I've come to really like living in really-small-town-USA. There's a definite advantage to it. Life runs at a slower pace and there's a lot less stress than there is with city life. Of course, I am not a hamster, I know it's not all perfect. There are many ways in which we pay for this slower lifestyle.
One of them is in television. If you're not getting tv via satellite or cable, then were we live there is ONE, count 'em, ONE television station that you can pick up with rabbit ears. A rooftop antenna will help some, making the picture sharper and it will gain a little bit of signal on a PBS channel that I think is off in Missouri someplace.
Even so, that's something you can eventually get used to and learn to live with. The one station however, isn't exactly the best of the bunch, for the most part they try to do a good job but there's times when their news coverage in particular has problems. On of those areas is in their use of closed captioning signals.
Between severe tinnitus and some noticeable hearing loss, I can't always understand what's being said on the evening newscast. Between that and occasional phone calls I can have a problem knowing what they're talking about and guessing based on the pictures doesn't cut it at all.
So I started using the closed captioning... or trying to.
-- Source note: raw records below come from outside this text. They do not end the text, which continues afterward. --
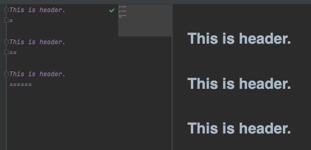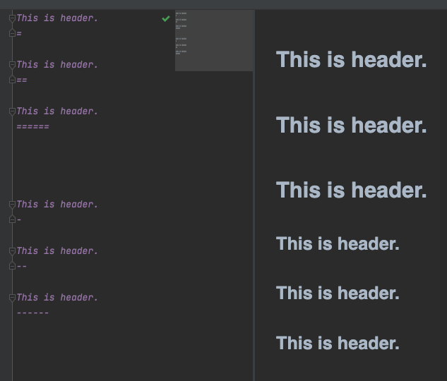 위처럼 제목(=)과 부제목(-) 표시가 된 텍스트의 크기를 비교하면 부제목이 더 작은걸 알 수 있습니다.
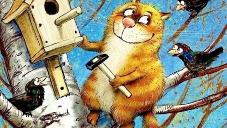 Для скворцов купил скворечник- наш добрейший Кузя кот. И в один прекрасный вечер - сам прибил , смотрите - вот! ☆☆☆ По утрам наш милый котик - рад послушать птичий гам. В рот положив бутербродик - с сыром, маслом - просто ам! ☆☆☆ Птичек радует соседство - стережёт коток птенцов...
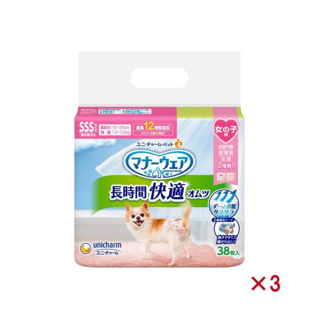 【セット販売】 ユニ・チャーム マナーウェア長時間快適オムツ女の子用SSS 38枚 (×3セット)
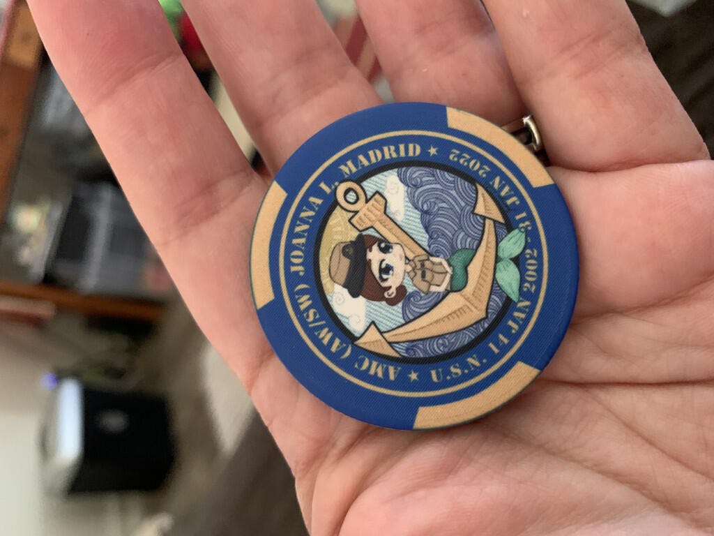 Featuring a ceramic poker chip with a direct print chip, these coins have a durability and robustness that makes them an ideal option for commemorating military excellence with an eye-catching and long-lasting award.
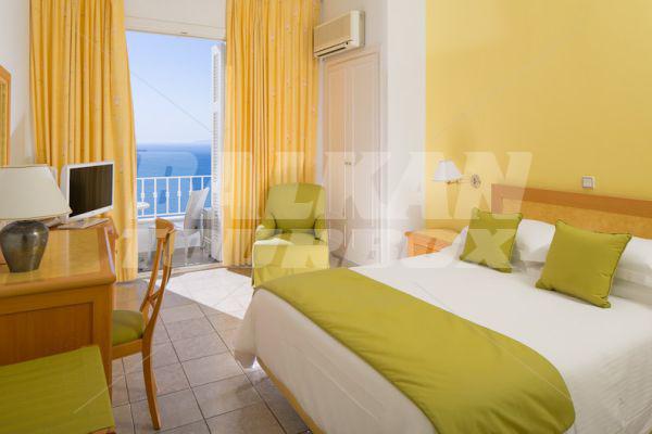 Хотел Atlantis се намира в центъра на град Фира на остров Санторини, с панорамна гледка към морето и само на 6 км. от летището и пристанището. Предлага настаняване на закуска и много добри условия за лятна почивка на море в Гърция. Остров Санторини има вулканичен произход, затова пясъка на плажната ивица е черен.
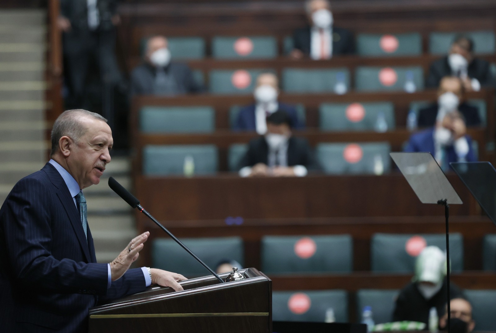 Gelişmiş ülkeler başta olmak üzere tüm dünyada ekonomiler geçen yıl ciddi bir daralma yaşarken Türkiye'nin büyümesini sürdürebilen az sayıdaki devlet arasında yer aldığına dikkati çeken Cumhurbaşkanı Erdoğan, "Bir süredir maruz kaldığımız ekonomik tuzaklarla mücadele ederken salgın bahanesiyle yeni bir finansal dalgalanma oluşturmak isteyenlere elimizdeki tüm araçları kullanarak fırsat vermedik. Kılıçdaroğlu'nun sürekli sorup durduğu dövizlerin önemli bir bölümü, işte bu mücadelede kullanılmıştır." değerlendirmesinde bulundu.

It's the weirdest thing, the captioning on the latest hit tv shows is nearly always dead on but the news is another world entirely. Despite the fact that most of the news is scripted, the closed captioning often skips long parts of it. Most, if not all, of the ad-lib material by the anchors is missed.
Then there's the times when it gets out of sync with the picture. You're looking at a weather map and hearing reading about a city council meeting from a story that ended a couple minutes ago. Of course that often works both ways, sometimes you'll see the captioning for whatever is coming up in a minute or two.
Sometimes I wonder if anyone at the station EVER tries to follow the closed captioning on their news broadcasts.